Lehman attended the Anne Brown School and then Barnard College, where she was a member of the class of 1903.

==Philanthropy==
Coming from wealth and marrying into wealth, Lehman was a prominent philanthropist. Although Lehman was an honorary chairperson for the Federation of Jewish Philanthropies (founded by her husband Arthur Lehman), most of her philanthropic efforts were secular.
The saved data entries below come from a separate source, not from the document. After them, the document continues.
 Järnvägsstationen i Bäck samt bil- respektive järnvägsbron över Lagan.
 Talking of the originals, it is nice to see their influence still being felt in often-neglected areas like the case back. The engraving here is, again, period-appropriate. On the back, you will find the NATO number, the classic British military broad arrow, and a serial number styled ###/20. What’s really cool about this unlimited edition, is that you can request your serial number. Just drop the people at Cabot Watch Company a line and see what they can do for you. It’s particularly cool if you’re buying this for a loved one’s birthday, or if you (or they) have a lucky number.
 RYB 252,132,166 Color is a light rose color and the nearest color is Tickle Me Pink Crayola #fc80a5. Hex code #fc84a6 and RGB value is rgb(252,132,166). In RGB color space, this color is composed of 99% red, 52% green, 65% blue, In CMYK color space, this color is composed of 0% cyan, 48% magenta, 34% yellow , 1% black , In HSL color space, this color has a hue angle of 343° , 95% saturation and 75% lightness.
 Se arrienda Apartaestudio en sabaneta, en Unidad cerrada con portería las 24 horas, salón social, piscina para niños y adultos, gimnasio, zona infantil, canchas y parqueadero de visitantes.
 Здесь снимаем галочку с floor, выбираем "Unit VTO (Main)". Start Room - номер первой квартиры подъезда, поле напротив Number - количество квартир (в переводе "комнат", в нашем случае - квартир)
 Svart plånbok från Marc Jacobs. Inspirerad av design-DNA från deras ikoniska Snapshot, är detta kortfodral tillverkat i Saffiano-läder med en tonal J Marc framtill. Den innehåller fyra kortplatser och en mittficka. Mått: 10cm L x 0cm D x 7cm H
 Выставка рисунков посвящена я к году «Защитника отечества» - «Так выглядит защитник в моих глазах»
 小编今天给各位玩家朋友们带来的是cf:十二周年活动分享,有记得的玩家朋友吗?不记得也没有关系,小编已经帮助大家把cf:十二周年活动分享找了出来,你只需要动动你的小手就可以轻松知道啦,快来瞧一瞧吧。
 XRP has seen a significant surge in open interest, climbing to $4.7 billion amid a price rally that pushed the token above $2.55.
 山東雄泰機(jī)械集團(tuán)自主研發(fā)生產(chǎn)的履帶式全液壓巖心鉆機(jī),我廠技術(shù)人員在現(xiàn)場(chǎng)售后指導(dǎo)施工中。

She was a board member of the New York Service for the Orthopedically Handicapped; was both a founder and board member of the Arthur Lehman Counseling Service; served as the president of the East Side Free School for Crippled Children; the Purple Box, an outlet for the sale of goods made by disabled women; served as director of the Adoption Bureau; was a board member of the New York Board of Charities; a member of the Crusade for Children (part of the Child Welfare League of America); served as vice president of the League of Women Voters until 1945; and served on the board of directors for the Philharmonic Symphony Society of New York (elected 1947); and was a board member of the Hebrew Sheltering Guardian Society. In 1957, the Adele Lehman Hall at Barnard College was named in her honor; the hall held the Wollman Library until 2015.

==Personal life==
On November 25, 1901, she married banker Arthur Lehman (1873–1936), son of Babette (née Newgass) and Mayer Lehman. Arthur belonged to the prominent Lehman family: his father was a co-founder of Lehman Brothers; brother Herbert H. Lehman, was a former governor and senator of New York; another brother, Irving Lehman, was a former judge of the New York state court of appeals.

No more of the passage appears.